The generic form that works with std::wostream as well:

template <typename CharT, typename Traits>
std::basic_ostream<CharT, Traits> &
Print(std::basic_ostream<CharT, Traits> &out)
{
    return out;
}

template <typename CharT, typename Traits, typename T>
std::basic_ostream<CharT, Traits> &
Print(std::basic_ostream<CharT, Traits> &out, T &&t)
{
    return (out << std::forward<T>(t));
}

template <typename CharT, typename Traits, typename T, typename... Args>
std::basic_ostream<CharT, Traits> &
Print(std::basic_ostream<CharT, Traits> &out, T &&t, Args &&...args)
{
    return Print( Print(out, std::forward<T>(t)), std::forward<Args>(args)... );
}

I couldn't make it work with with std::endl in the common case (it is possible to handle std::endl in specific cases like when it is the first or the last argument, but not in the common case, especially if there are multiple std::endl in a single call).

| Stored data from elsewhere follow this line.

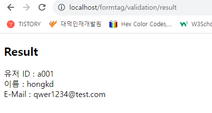 <form:form modelAttribute="member" method="post" action="/validation/result3">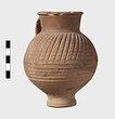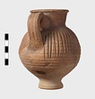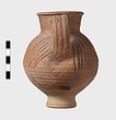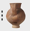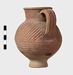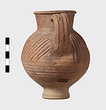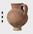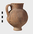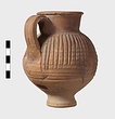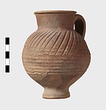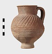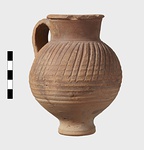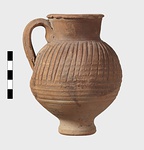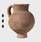 | Description: | Intact. High small ring foot; plump body; high round mouth; slightly projecting lip; single ridged handle. Diagonal gouging on upper half of body. Pinkish-buff clay. Dull red to black wash on neck and upper body. Three other whole ones, similar but slightly larger [H. 0.165 - 0.17] not catalogued. | |
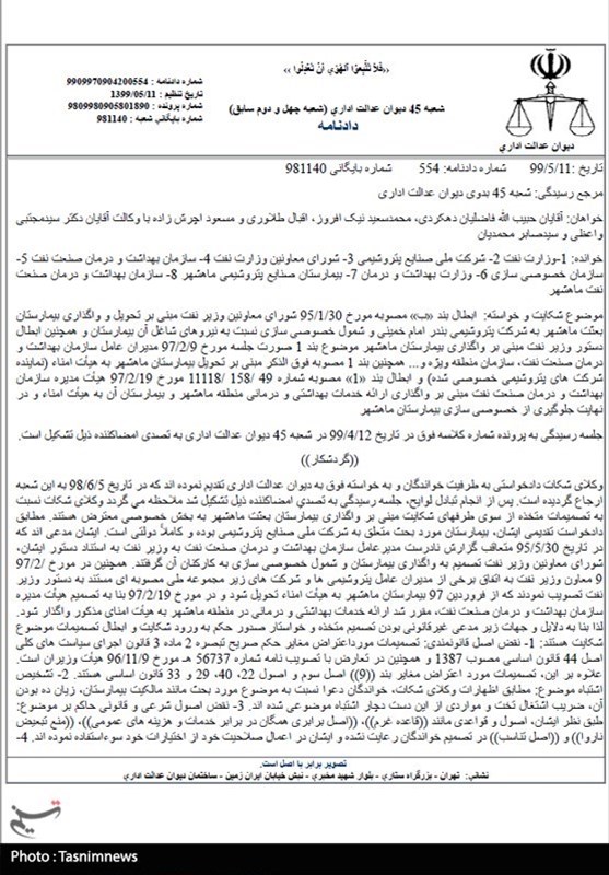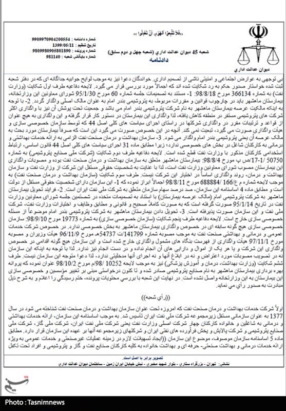 دیوان عدالت اداری در رای خود آورده است که تصمیم اتخاذ شده برای واگذاری بیمارستان صنایع پتروشیمی بدون توجه به عواقب حقوقی و آزادی مشروع شهروندان بوده و این موضوع موجب اثرات اقتصادی، اجتماعی، سیاسی و امنیتی در منطقه شده است.

You can still use '\n' instead or use std::endl with template arguments specified if you really need std::endl:

Print(std::cout, "hello world", std::endl<char, std::char_traits<char>>);

The differences between std::endl and '\n'

  • If the stream is working in binary mode then '\n' isn't converted to the line ending format of the platform the code compiled for (but in text mode it is still converted).
  • '\n' doesn't flush the stream with std::flush (but it still flushes the std::cout if the program is running on a terminal)

So for me it is OK to use '\n', or maybe even preferred.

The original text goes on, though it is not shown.